This is a weekly column focusing on ETF options by Scott Nations, a proprietary trader and financial engineer with about 20 years of experience in options.
Our bond market has been overlooked during the past two weeks thanks to volatility in equity ETFs. But the important question, the domestic question that is fueling our equity volatility, is when will the Federal Reserve start raising interest rates? That question impacts our bond market directly.
The iShares 20+ Year Treasury Bond ETF (TLT | A-85) focuses on the longest end of the yield curve by tracking U.S. Treasury bonds with remaining maturities of 20 years or more. Since longer maturity bonds are more sensitive to changes in interest rates, TLT is more volatile than ETFs that track shorter maturity bonds.
Has TLT Peaked?
You can see from the long-term chart that TLT rode the wave of Fed-induced lower interest rates and quantitative easing.

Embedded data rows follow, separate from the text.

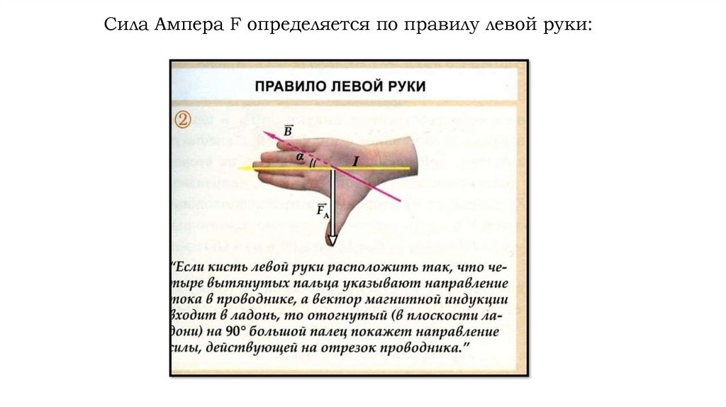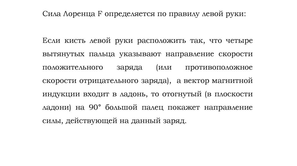 Сила Лоренца F определяется по правилу левой руки:Если кисть левой руки расположить так, что четыре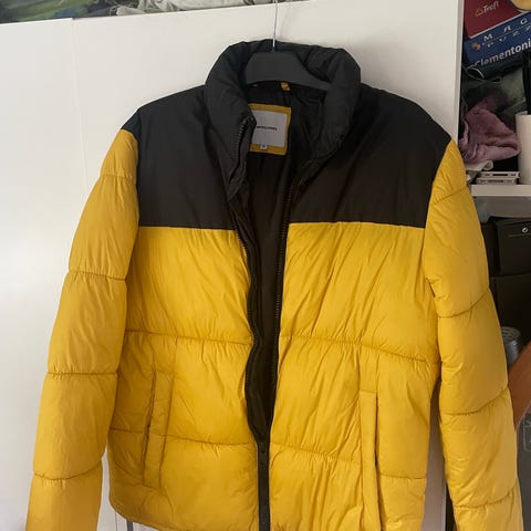 Jack & Jones vinterjacka i blå färg, storlek L. Tillverkad i nylonmaterial och polyester. Designad för att ge skydd mot kyla och vind under vintermånaderna.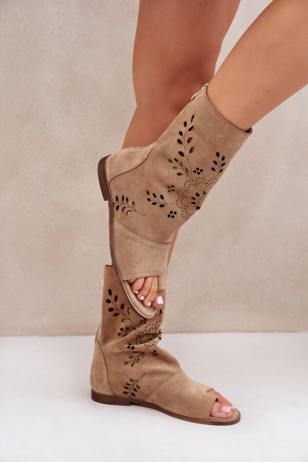 Šie unikālie plakanie sandales ir elegances un komforta apvienojums. Izgatavoti no augstas kvalitātes dabīgās ādas, tie nodrošina izturību un komfortu. To augšējā daļa, kas tiek aizdarīta ar rāvējslēdzēju, ir dekorēta ar mežģīņu rakstu, piešķirot smalkumu un stilu. Tās ir ideāli piemērotas gan ikdienas valkāšanai, gan īpašiem gadījumiem, piešķirot jūsu stilam šarmu. Lūdzu, izvēloties izmēru, skatieties izmēru tabulu.
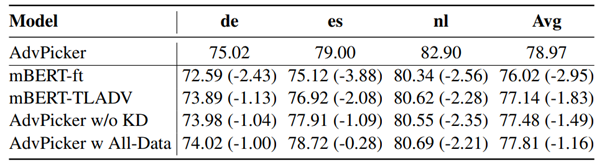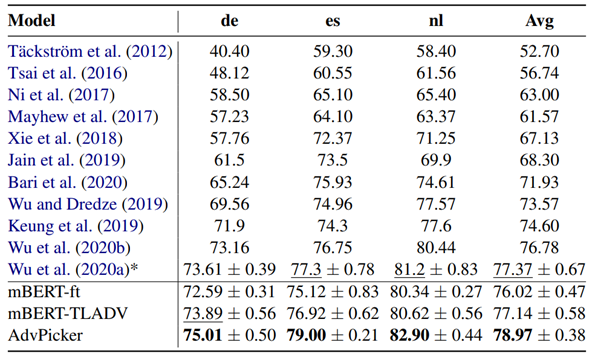 表1:模型性能比较(Zero-shot Cross-lingual NER)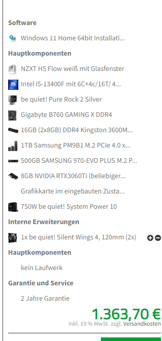 Ich habe ein Bild von den Komponenten die ich mir holen möchte und wollte nochmal nach Verbesserungsvorschlägen fragen.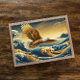 A painting showcasing an eagle in flight above a crashing wave, depicted in a beautiful abstract style with intricate wood carving, oil paint, and hints of gold and marble. symbolizing strength, patriotism, and freedom.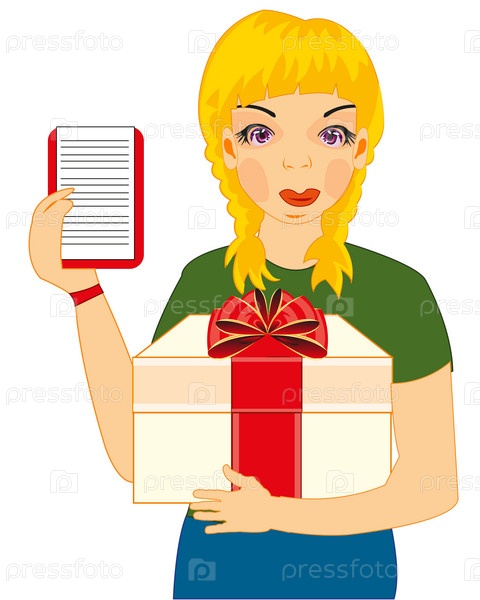 Женщина-курьер с подарком на белом фоне изолирована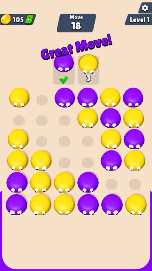 You choose a pawn and jump over another pawn and clear it from board. It is best to make a lot of jumps with one move. This game inspired from peg solitaire and checkers. We inspired from their addictive mechanic and make it more fun. Easy controls, hundreds of levels, no ads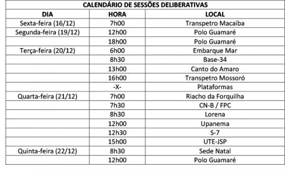 No Rio Grande do Norte, o calendário da Assembleia teve início na manhã da última sexta-feira, 16, com os trabalhadores da Transpetro (Macaíba). As sessões deliberativas prosseguem até a próxima quinta-feira, 22, reunindo todas as principais bases da Petrobrás no Estado. Veja, a seguir, o cronograma de assembleias e participe!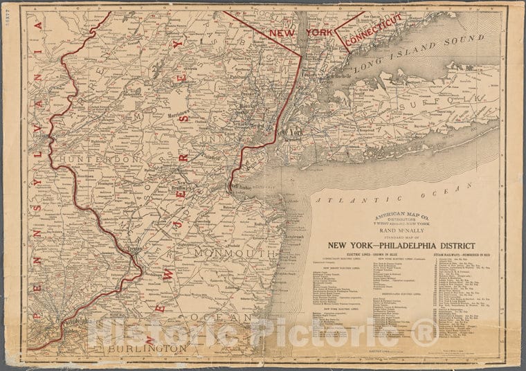Historic 1904 Map - Standard Map Of The New York - Philadelphia District.Of New York City And State - New York City & Vicinity

But now that the Fed has ended quantitative easing and appears ready to begin normalizing interest rates this year, TLT has come off its recent high of more than $136 per share, adjusted for distributions.

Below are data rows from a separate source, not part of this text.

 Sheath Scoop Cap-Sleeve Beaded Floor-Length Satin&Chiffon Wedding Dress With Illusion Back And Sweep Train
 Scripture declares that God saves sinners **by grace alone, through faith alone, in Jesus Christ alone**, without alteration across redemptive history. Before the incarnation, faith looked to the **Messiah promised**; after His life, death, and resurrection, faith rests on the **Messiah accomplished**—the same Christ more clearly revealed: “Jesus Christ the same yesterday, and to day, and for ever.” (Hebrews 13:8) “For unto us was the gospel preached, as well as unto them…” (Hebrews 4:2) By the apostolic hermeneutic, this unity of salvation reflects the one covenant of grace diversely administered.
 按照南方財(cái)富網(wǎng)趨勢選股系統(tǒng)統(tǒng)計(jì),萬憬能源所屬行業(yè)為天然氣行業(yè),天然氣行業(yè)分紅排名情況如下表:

One large institutional option trader on Wednesday was looking to profit from further declines in TLT.
Our trader bought 4,400 of the TLT $120 strike put options expiring in January 2017. He paid $11.90 per share, or a total of $5.2 million, and he gets the right—but not the obligation—to sell 440,000 shares of TLT at $120 per share anytime between now and the expiration of these options in January 2017.